There are three lenses to consider when you decide it’s time to start collecting demographic data on your users:
(1) respect your users
(2) fit for use
(3) privacy preserving

First, consider who your users are and how they are likely to think about themselves. When asking about gender, lean on community guidelines. As an example, HRC and American Progress provide guidelines for collecting gender and sexual orientation demographics: https://www.hrc.org/resources/collecting-transgender-inclusive-gender-data-in-workplace-and-other-surveys and https://www.americanprogress.org/issues/lgbt/reports/2016/03/15/133223/how-to-collect-data-about-lgbt-communities/. When collecting information about religion, race or ethnicity, seek out resources from the impacted communities, and take their guidance as a top priority.

Second, consider the use this data will be put to. What models are your investors likely to be accustomed to? What are the characteristics potential sponsors most want to know about? If you’re planning to present to academic groups, closely research the ways those groups characterize populations.
Some examples are

  • American Community Survey data dictionaries from the U.S. Census Bureau (Google for “american community survey pums data dictionary”
  • HHS implementation guidance for collecting data (Google for “Data Collection Standards for Race, Ethnicity, Primary Language, Sex, and Disability Status”)

Keep in mind that community advocacy groups and institutional standards may differ. Institutional standards tend to lag a bit behind social practice. Be thoughtful about how you reconcile any differences. Entering demographic data is very much a ‘user experience’ - make sure you are sending the intended message for your product.

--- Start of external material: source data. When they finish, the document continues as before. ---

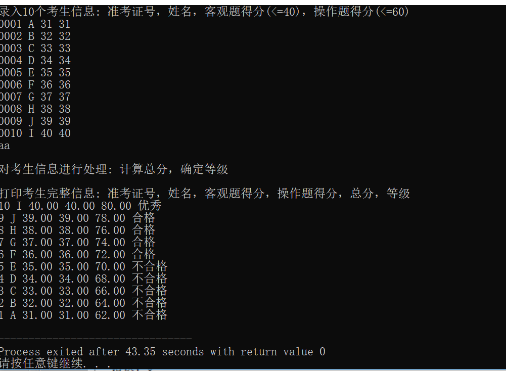 #include <stdio.h> #include <string.h> const int N = 10; typedef struct student { long int id; char name[20]; float objective; float subjective; float sum; char level[10]; }STU; void input(STU s[], int n); void output(STU s[], int n); void process(STU s[], int n); int main() { STU stu[N]; printf("录入%d个考生信息: 准考证号,姓名,客观题得分(<=40),操作题得分(<=60)\n", N); input(stu, N); printf("\n对考生信息进行处理: 计算总分,确定等级\n"); process(stu, N); printf("\n打印考生完整信息: 准考证号,姓名,客观题得分,操作题得分,总分,等级\n"); output(stu, N); return 0; } void input(STU s[], int n) { int i; for(i=0;i<n;i++) scanf("%ld %s %f %f ",&s[i].id,s[i].name,&s[i].objective,&s[i].subjective); } void output(STU s[], int n) { int i; for(i=0;i<n;i++) printf("%ld %s %.2f %.2f %.2f %s\n",s[i].id,s[i].name,s[i].objective,s[i].subjective,s[i].sum,s[i].level); } void process(STU s[], int n) { int i,j,k; STU temp; for(i=0;i<n;i++) s[i].sum=s[i].subjective+s[i].objective; for(j=0;j<n-1;j++) { for(k=0;k<n-j-1;k++) { if(s[k].sum<s[k+1].sum) { temp=s[k];s[k]=s[k+1];s[k+1]=temp; } } } i=0; for(i=0;i<n;i++) { if(i==0) strcpy(s[i].level,"优秀"); else if(i>=1&&i<=4) strcpy(s[i].level,"合格"); else if(i>=5&&i<=9) strcpy(s[i].level,"不合格"); } }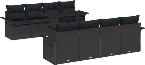 vidaXL 9-elementowy zestaw sof ogrodowych z poduszkami Czarny Polirattan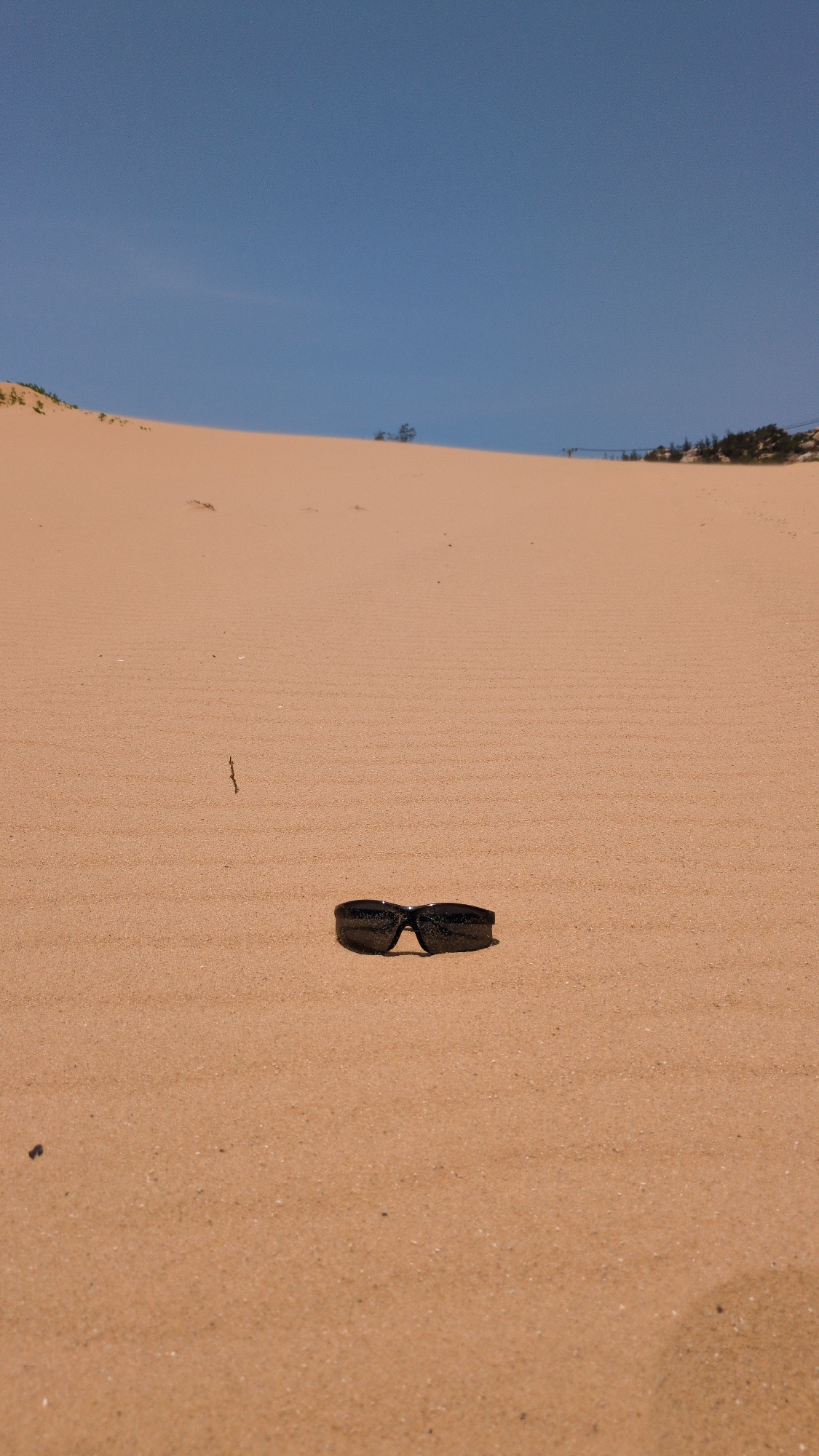 The scene is on a sandy beach in Phuoc Dinh, Vietnam. The sky is blue, and the sand is light brown. There is vegetation along the edge of the sand, on the left-hand side. A pair of dark-colored sungla…read more

Finally, keep your users’ privacy in mind as you collect data about them. As storage got cheap, the standard was to collect everything and figure out what was useful later. Recent high-profile breaches, as well as new right-to-be-forgotten laws, have increased the organizational cost of storing data you don’t have a purpose for. Err on the side of collecting less, not more. Establish a schedule for aggregating data into reports and deleting the raw details. Limit who is able to see all the raw data.